507	   Whereas (binary) IPv6 addresses are Absolute identifiers, IPv6
508	   address literals are Definite identifiers, since string-to-address
509	   conversion for IPv6 address literals is unambiguous.

511	3.1.3.  Internationalization

513	   The IETF policy on character sets and languages [RFC2277] requires
514	   support for UTF-8 in protocols, and as a result many protocols now do
515	   support non-ASCII characters.  When a hostname is sent in a UTF-8
516	   field, there are a number of ways it may be encoded.  For example,
517	   hostname labels might be encoded directly in UTF-8, or might first be
518	   Punycode-encoded [RFC3492] or even percent-encoded from UTF-8.

520	   For example, in URIs, [RFC3986] section 3.2.2 specifically allows for
521	   the use of percent-encoded UTF-8 characters in the hostname, as well
522	   as the use of IDNA encoding [RFC3490] using the Punycode algorithm.

524	   Percent-encoding is unambiguous for hostnames since the percent
525	   character cannot appear in the strict definition of a "hostname",
526	   though it can appear in a DNS name.

528	   Punycode-encoded labels (or "A-labels") on the other hand can be
529	   ambiguous if hosts are actually allowed to be named with a name
530	   starting with "xn--", and false positives can result.  While this may
531	   be extremely unlikely for normal scenarios, it nevertheless provides
532	   a possible vector for an attacker.

534	   A hostname comparator thus needs to decide whether a Punycode-encoded
535	   label should or should not be considered a valid hostname label, and
536	   if so, then whether it should match a label encoded in some other
537	   form such as a percent-encoded Unicode label (U-label).

539	   For example, Section 3 of "Transport Layer Security (TLS) Extensions"
540	   [RFC6066], states:

542	      "HostName" contains the fully qualified DNS hostname of the
543	      server, as understood by the client.  The hostname is represented
544	      as a byte string using ASCII encoding without a trailing dot.
545	      This allows the support of internationalized domain names through
546	      the use of A-labels defined in [RFC5890].  DNS hostnames are case-
547	      insensitive.  The algorithm to compare hostnames is described in
548	      [RFC5890], Section 2.3.2.4.

550	   For some additional discussion of security issues that arise with
551	   internationalization, see [TR36].

553	3.1.4.  Resolution for comparison

555	   Some systems (specifically Java URLs [JAVAURL]) use the rule that if
556	   two hostnames resolve to the same IP address(es) then the hostnames
557	   are considered equal.  That is, the canonicalization algorithm
558	   involves name resolution with an IP address being the canonical form.

560	   For example, if resolution was done via DNS, and DNS contained:

562	   example.com.  IN A 10.0.0.6
563	   example.net.  CNAME example.com.
564	   example.org.  IN A 10.0.0.6

566	   then the algorithm might treat all three names as equal, even though
567	   the third name might refer to a different entity.

569	   With the introduction of dynamic IP addresses, private IP addresses,
570	   multiple IP addresses per name, multiple address families (e.g., IPv4
571	   vs.

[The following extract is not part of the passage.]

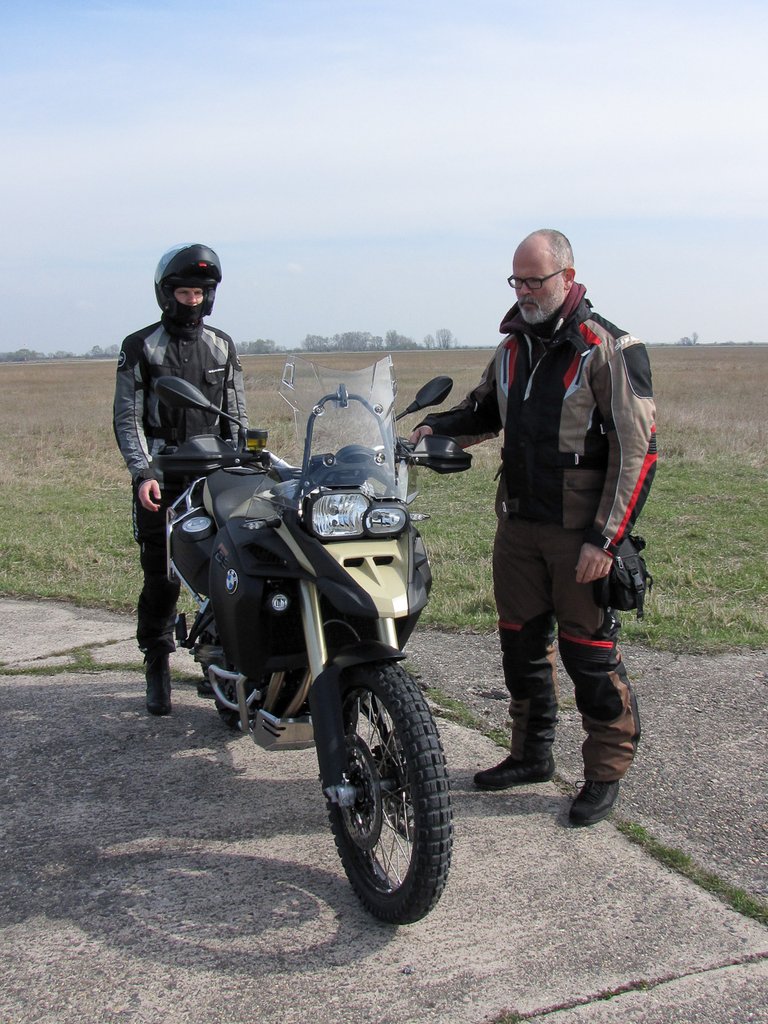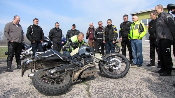 Fel kellett szállni a motorra. Előbb jobbról, aztán balról. Vagy hússzor, egymás után. Míg az ember pipiskedik (mert 185 centi ide, vagy oda, a GS-re nem pattan csak úgy fel az ember), a segítője a motor hátuljánál figyel. Aztán csere, a másik pipiskedik (a partnernek is GS-e volt, csak egy szép nagy tehén boxer), mi meg ügyelünk. Amennyire banálisnak tűnik, annyira nem az: tudták, hogy a motor kormányának hozzánk közelebb eső szárát tőlünk eltolva lehet a legbiztonságosabban felszállni? Lehet, hogy tudat alatt mind így csináljuk, csak még senki nem hívta fel rá a figyelmünket.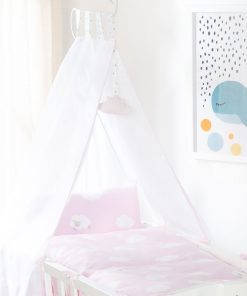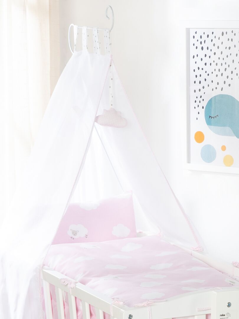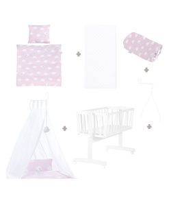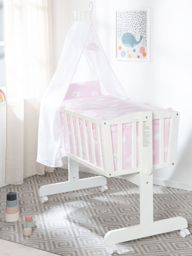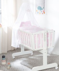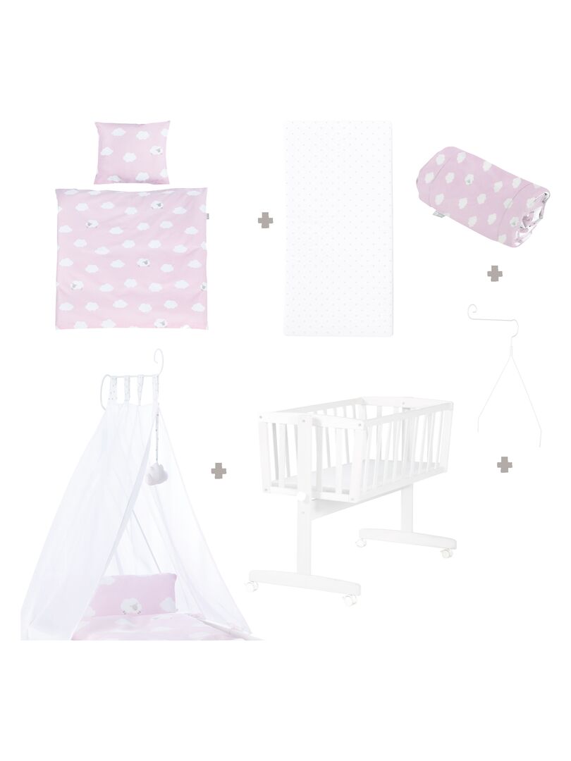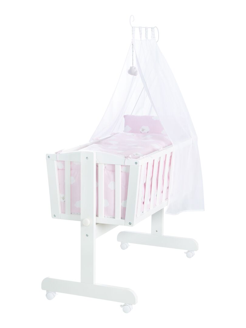 ROBA Berceau Petit Nuage Rose 40×90 cm + Équipement Complet – Bois Laqué Blanc – Blanc

IPv6), devices that roam to new locations, commonly deployed DNS
572	   tricks that result in the answer depending on factors such as the
573	   requester's location and the load on the server whose address is
574	   returned, etc., this method of comparison cannot be relied upon.
575	   There is no guarantee that two names for the same host will resolve
576	   the name to the same IP addresses, nor that the addresses resolved
577	   refer to the same entity such as when the names resolve to private IP
578	   addresses, nor even that the system has connectivity (and the
579	   willingness to wait for the delay) to resolve names at the time the
580	   answer is needed.

582	   In addition, a comparison mechanism that relies on the ability to
583	   resolve identifiers such as hostnames to other identifies such as IP
584	   addresses leaks information about security decisions to outsiders if
585	   these queries are publicly observable.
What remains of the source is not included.